1️⃣ Which feelings or emotions do you find most difficult to open up about, and what helps to make it easier to share?
One of the hardest things to open up to is asking for help, or anything that has to do with receiving.
I feel there is so much vulnerability that comes with it; you have to open up to get help, and I often feel like I owe them a favour for the help that was rendered.
I think I am mostly afraid of people using my vulnerability as some kind of amusement.
They would belittle you because you needed help from them, or make you go through a certain level of stress, or a constant reminder that you need them at that stage.
These are habits I personally wouldn't exhibit if the cases were reversed, making it hard for me to say I need help.
Maybe this is because they are strangers. But even to my friends who know and care about me, my brain is just wired to reject pity.
Maybe they genuinely do care, but the whole pity that comes with the help is something I hate so much.
Sometime last week, I got a power bank from a friend I genuinely wanted, but I just kept reminding myself that one day I would return the help.
Asides from that, I just feel I owe them a favour back one way or the other.
I don't know how to get myself to receive help freely.

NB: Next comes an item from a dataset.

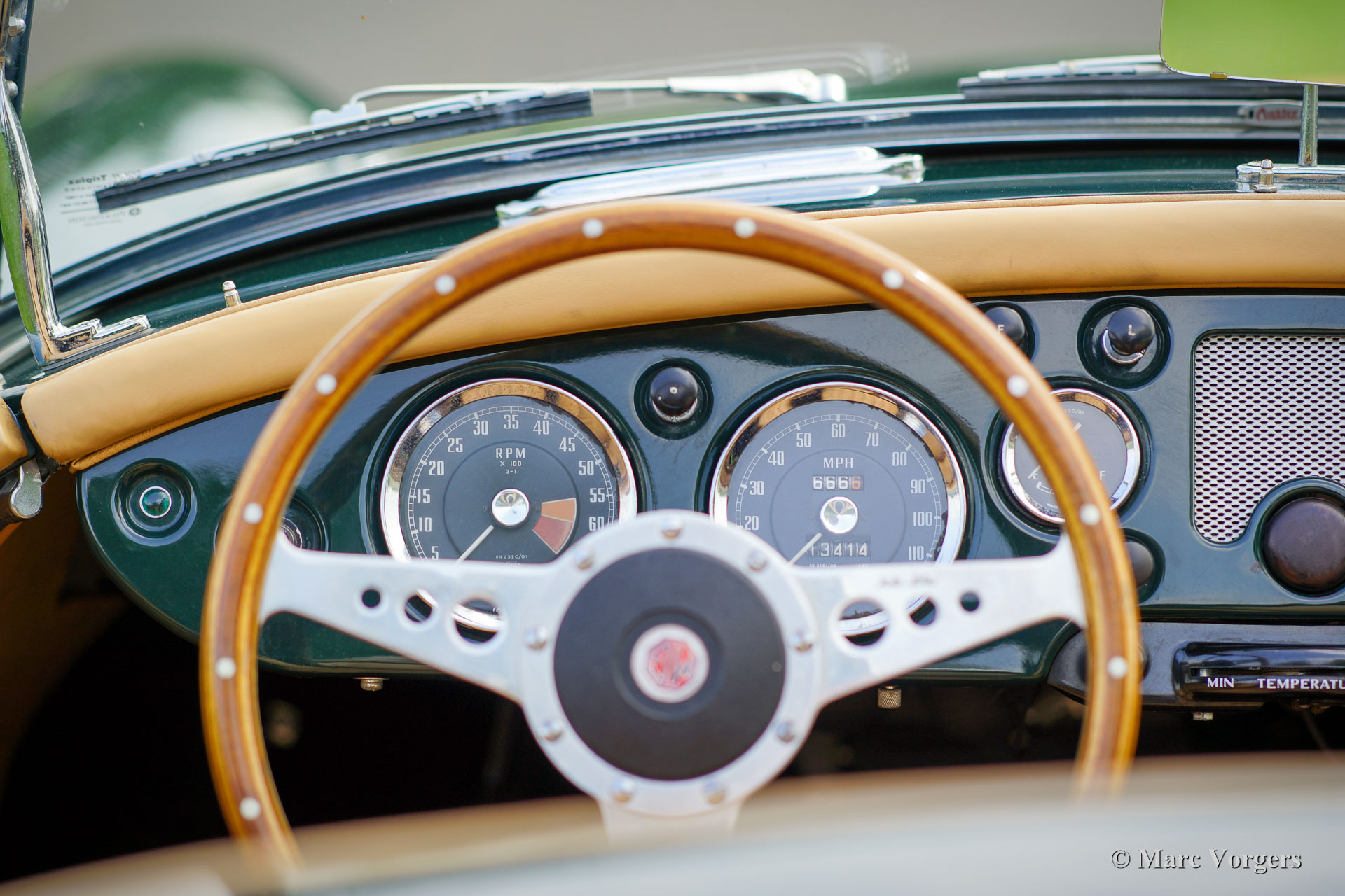The year 1955 saw the introduction of the MGA. With this design the MG broke new grounds. After its predecessors MG TD and MG TF, which were largely based on the pre-war MG TB, it was a roadster with a very modern sporty design. Like its predecessors, the MGA was a great success and, like before, the greater part was sold in America. Until 1959, the MGA was equipped with a 1459 cc four-cylinder engine. From that year, the car was fitted with a 1588 cc four-cylinder. A 1622 cc four-cylinder engine replaced the 1588 cc. engine in 1961. The early MGA versions had very good drum brakes until 1959, but after that year, the MG A was equipped with disc brakes on the front wheels. The year 1962 saw the production of the MGA, the A 1600 Mk II. The MGB replaced this very popular British sports car, and was to develop the success of the MG A even further.

I don't know if it is childhood trauma or a past life thing, but that thing called help, and the idea of it, stresses me out. I feel they are being too nice, and there is an after-effect to it.
My mom scolded me once about it. She said if humans can't help you, who will? We are on earth to help each other.
Although I have also met friends who didn't make showing up for me look like stress. Most times I receive the help even though I don't agree to it; they know I would never agree, and they do it regardless. I am grateful for them — the surprise packages on my birthdays, Valentine's, and any other day worth celebrating.
I now try to stay happy while receiving, and not look over my shoulder like it is some crime.
In as much as I do receive help these days, I pen them down in my heart that I would return the favour; I try to work toward that, so it wouldn't be like my friends are pouring into me more than I pour into them.